Он был скорее подобием настоящего города, картонной декорацией для старого сценического шоу, кое-как расписанной выдохшейся акварелью, без заботы о мелких деталях вроде названий улиц и контор, – эти бессмысленные каракули все равно никто никогда не должен был читать. Все настоящее в этом городе было каким-то образом искоренено. Ничто здесь больше не процветало и не способно было повлиять благотворно на повсеместный упадок.
Этот город был неподходящим местом для любого начинания. Даже такие здания, как отель или аптека, не смогли устоять и смиренно приняли тот загадочный облик, что был свойственен всем маленьким конторкам в переулках Мокстона: обувной лавке, где в витрине стояли давным-давно вышедшие из моды образцы, бутику одежды с манекенами, покрытыми вековой пылью и кем-то обезглавленными, ремонтной мастерской, в которой вся сданная техника так и валялась повсюду, покрываясь ржавчиной.
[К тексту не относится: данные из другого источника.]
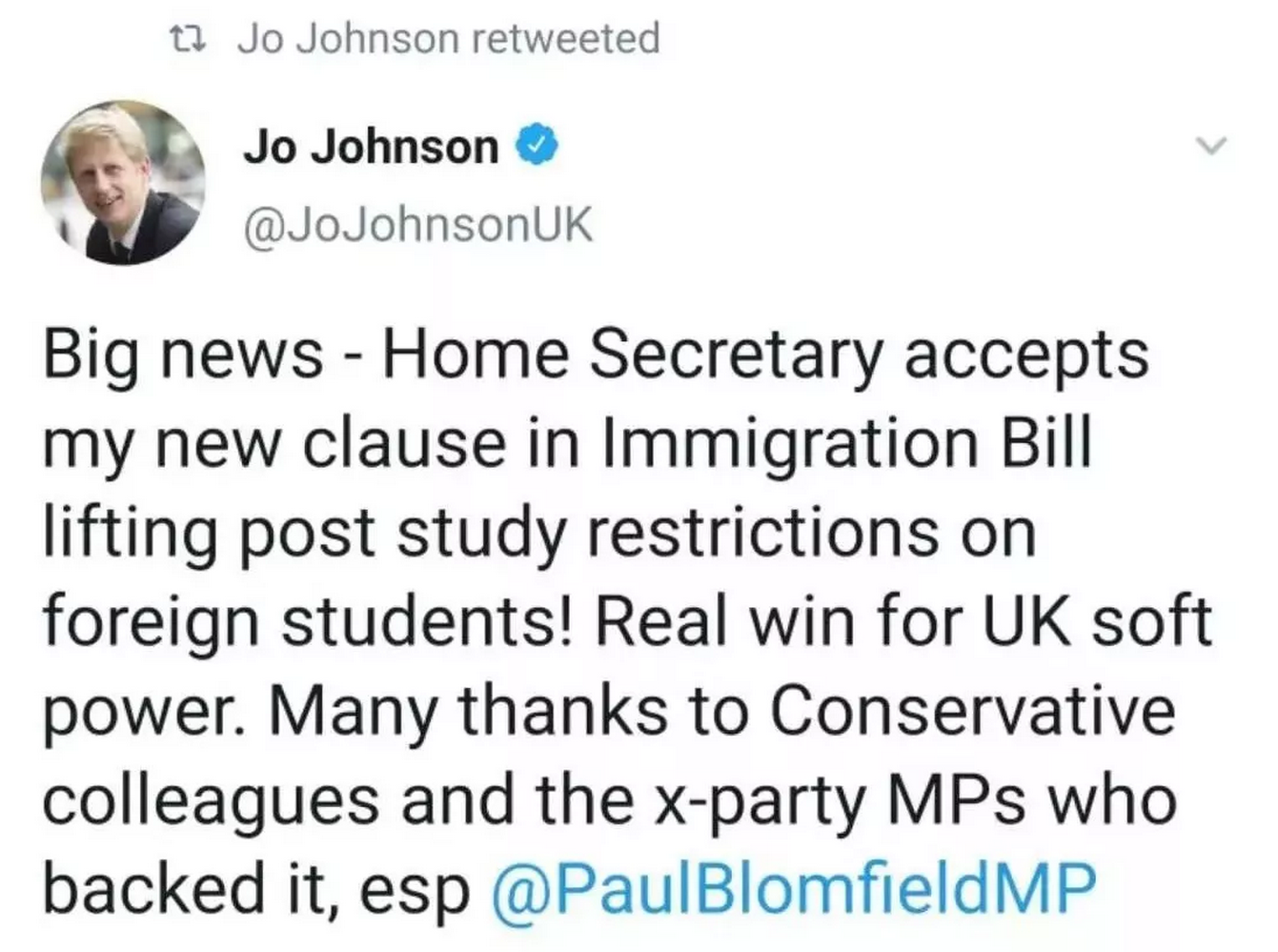 英国大学的首席执行官艾丽斯泰尔•贾维斯(Alistair Jarvis)表示, “我们强烈推行这一政策,这些学生不仅是世界各地的优秀毕业生,而且还可以继续将他们的才能发扬光大。”

Много лет назад на видном углу Вебстера и Мэйн-стрит открылся кинотеатр, за много десятилетий до того, как над перекрестком этих улиц повесили светофор. Большая неоновая вывеска с названием «РИВЬЕРА» горела до сих пор. Буквы были видны издалека – свет лампочек рассеивал сумрак заката. С наступлением осени в Мокстоне они блекли, их шарм угасал в атмосфере всеобщей иллюзорности. Сейчас, по прошествии лет, когда-то новая «Ривьера» выделялась не сильнее здания старой аптеки Макквистеров через дорогу. Им обоим было предоставлено постоянное скромное покровительство в городе-остове, которому давно уже не требовались ни развлечения, ни лекарства.